Although these were by their nature some of the most ephemeral pieces of art I had ever experienced, the impression that they made on me and on the local community will last a long time.
Sep. 2nd, 2002 08:48 pm (UTC)
Re: Goldsworthy
What a lovely, lovely story! I've never met him, but my parents spent a fair amount of time with him in May/June when he was in Des Moines to work on a permanent installation there (in conjunction with 2 museums of the coasts of the US). It's a series of 3 cairns (one at each site) and mold/niches which mimic the outline of each at the central site. He also did several gallery installations there which were still up when I was home the other week: an amazing screen of cattail reeds, pinned together with Scottish thorns, made into a enormous gate-like screen, very airy, erratic, and spacious. This is part of why my parents had the books handy at home.

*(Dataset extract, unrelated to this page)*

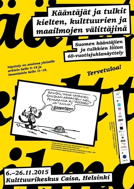 ![]() – Kääntäjät ja tulkit kielten, kulttuurien ja maailmojen välittäjinäPaikka: Kulttuurikeskus Caisa, Mikonkatu 17 C / Vuorikatu 14, Helsinki Vapaa pääsy Suomen kääntäjien ja tulkkien liitto täyttää tänä vuonna 60 vuotta, ja juhlistaa sitä tuomalla koko kääntäjien ja tulkkien ammattikuntaa aikaisempaa näkyvämmin esille. Vuosi huipentuu juhlavuosinäyttelyyn Kulttuurikeskus Caisassa 6.-26.11.2015. Näyttely esittelee kääntäjien monipuolista työnkuvaa sekä työn haasteita muuttuvassa, monikulttuurisessa maailmassa hyödyntäen runsaasti erilaista käännös- ja tulkkausalaan liittyvää materiaalia. Mukana on alaan liittyviä videoita ja tallenteita, jotka tuovat näkyviin kääntäjien työtä käytännössä. Vierailijat pääsevät tarkastelemaan lähemmin esimerkiksi suomentajien ja av-kääntäjien työtä ja sitä kuinka merkittävä vaikutus kääntäjillä on suomalaisten kulttuuriseen kehitykseen ja identiteettimme rakentumiseen. Näyttelyssä havainnollistetaan myös sarjakuvakääntäjien työtä. Suomen kääntäjien ja tulkkien liiton juhlavuosinäyttelyn kanssa yhteistyössä esitettäviä muita näyttelyitä ovat kuvataidetta, kuvakirjateoriaa ja käännöstiedettä käsittelevä Kohtaamisia, sekä Sivuvalo-hankkeen Mutanttikieltä-näyttely. Tapahtumaan liittyy myös Kaisa Koskisen ja Outi Paloposken teoksen Sata kirjaa, tuhat suomennosta – kaunokirjallisuuden uudelleenkääntäminen (SKS, 2015) -julkaisutilaisuus 19.11. ja näyttelyn yhteydessä järjestetään Mutanttikieltä-piknikklubi, jossa esitellään kielen käännöksiä ja sanojen akrobatiaa 5.11. Lisäksi keskeisenä osana SKTL:n juhlavuosinäyttelyä järjestetään alaan liittyvä työpaja- ja luentosarja torstai-iltaisin klo 17-19 ja lauantaisin päivällä. Luennot käsittelevät uusia käännöksiä, suomennosklassikoita tuoreista näkökulmista, erilaisia tekijöitä käännösalalla sekä ammatin arvostusta. Yksityiskohtia tulossa pian! Liitteet
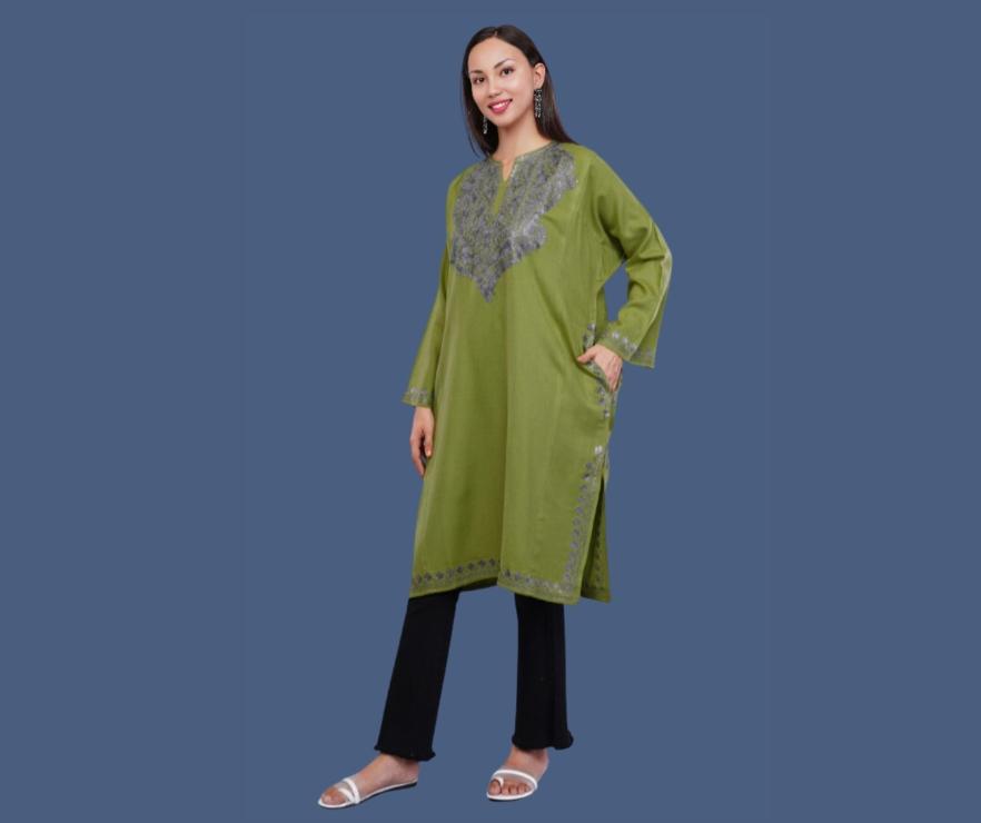 Elegant and warm, this Maroon Fine Cashmilon Pheran with Blue Floral Aari Embroidery Embroidery around the neckline. Designed for comfort with two side pockets, it’s a timeless winter essential.

But the real and more personal part of the story is that Andy Goldsworthy and his family were coming back in late June/early July to complete the installation, just when my parents were going to be abroad for a few weeks. So he effectively housesat for them, staying in their/my house for a few weeks while they were away. I'm told he did a temporary piece on a tree just outside our side door, but I've not seen photographs. So even only knowing his work from the few installations at the Art Center in DM and his books, I know he stayed in my house for a bit this summer. (My parents work in the art world, my mother as a curator at the same museum - thus the connection).

But your story has more whimsy and delight to it. I hope to run across some of his temporary works someday in situ.